No, although that’s still the main focus. This year marks the second Sketch Fest, a juried showcase of sketches and shorts. Titles include “Death of a Cookie Saleswoman" and “What is the Stock Market?” Find answers at the Motor House on Aug. 29 at 7:30 p.m.
That sounds like a lot. Who should I see? Where should I go? How do I make sense of it all???
Well, besides the Sketch Fest, start by putting these events at the Motor House on your calendar:
- The Opening Ceremony on Aug. 28, 8 p.m. at the Motor House—the festival’s main partner and headquarters. Enjoy drinks, food, music and conversations with comics at 8. Stay for a showcase with Elizabeth Norman, Tink and others. This ceremony, like several other Baltimore Comedy Festival events, is free of cost (with donations encouraged but not mandated).
- Club Out of Town on Aug. 30, 8 p.m. at the Motor House. This is the festival version of Norman’s recurring showcase for women, non-binary and LGBTQ comedians—in other words, communities with plenty to say that too many comedians use as punchlines. It’s free.
- Hilarious Omar, also on Aug. 30, 9 p.m. at the Motor House. This Baltimore-D.C. comic achieved viral success thanks to his quippy parodies of regional slang, celebs and rap tropes. His Instagram boasts over 83,000 followers. He comes home for one of the festival’s main headlining events. Tickets are $15 or less.
- Closing Ceremony on Sept. 2 (Labor Day), 9 p.m. at The Sidebar. Performers, fans and randos alike can wrap the festival and see novices at the downtown staple’s recurring open mic night. Cost? Free.

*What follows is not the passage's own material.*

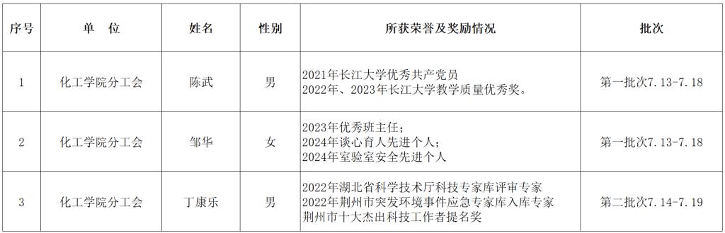 根据凤凰体育 工会委员会《关于组织开展2025年优秀教职工疗休养活动的通知》要求,经凤凰体育 各系(中心、科室)推荐,分工会审议,党政联席会研究,决定推荐陈武、邹华和丁康乐三位同志为凤凰体育 参加凤凰体育 2025年优秀教职工疗休养活动人员,特此公示。 公示时间自2025年6月23日至2025年6月25日。公示期内,如有异议,可向凤凰体育 纪检委员反映,0716-8060534(杨书记)。 凤凰体育 2025年6月23日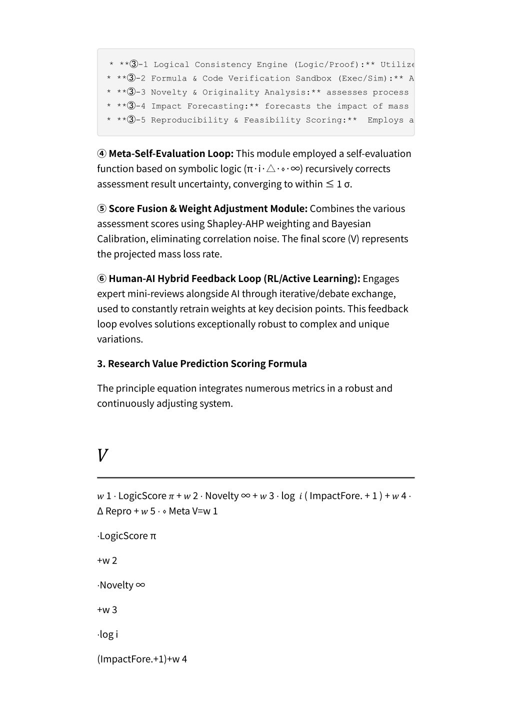 1. Research Topic and Core Technologies MM-RIME’s core objective is accurate mass loss prediction in AM. It achieves this by combining: real-time process data (laser performance, powder bed temperature, camera imagery), material property information, CAD models, and simulation results. Why is this data integration so important? Traditional models often rely on oversimplified assumptions or incomplete data, struggling with complex geometries and materials. Integrating multiple data streams provides a more holistic view, enabling the framework to adapt to varying conditions and predict mass loss with greater accuracy. The “recursive evaluation” component is key—the system learns from its predictions, continuously improving over time. Key technologies include Machine Learning (specifically Reinforcement Learning - RL), Finite Element Analysis (FEA), and sophisticated data processing techniques. RL allows the system to learn optimal control strategies – essentially rewarding accurate predictions and penalizing errors. FEA simulations provide predicted thermal behavior, which is crucial for understanding mass loss. These technologies contribute to state-of-the-art because they move away from static prediction models towards dynamic, learning systems that can adapt to real-time process variations. The large-scale data analysis methods are also advanced, allowing for the processing of immense amounts of data from multiple sources simultaneously. Technical Advantages & Limitations: The significant advantage is the dynamic, adaptive nature of the system. It's not a fixed model but a learning agent. However, this also introduces a limitation: initial training requires substantial data and computational resources. Furthermore, the reliance on accurate material property databases is critical – inaccurate data compromises the prediction quality. 2. Mathematical Models and Algorithms MM-RIME utilizes several mathematical techniques. The crucial equation defining the final score (V) integrates multiple metrics – LogicScore (consistency), Novelty, ImpactForecasting, Repro (Reproducibility), and Meta (self-evaluation). This equation demonstrates a weighted summation, where each term contributes based on its perceived importance. Shapley-AHP weighting and Bayesian Calibration are used to determine these weights, eliminating correlation noise--essentially ensuring the system isn't over-reliant on any single data source.

Other participating venues include the Ottobar, Zissimos Bar, the Mercury Theater and the Lord Baltimore Hotel. Find the full schedule below, or at baltimorecomedyfestival.com, and visit the festival’s Facebook page for updates.
Well all that sounds dope!
It is. So much so that comic and “Black-ish” star Deon Cole stopped by last year to hang out with the comics. No word on if he’s coming this year, but if you’re lucky, you can catch another comic giant on the move.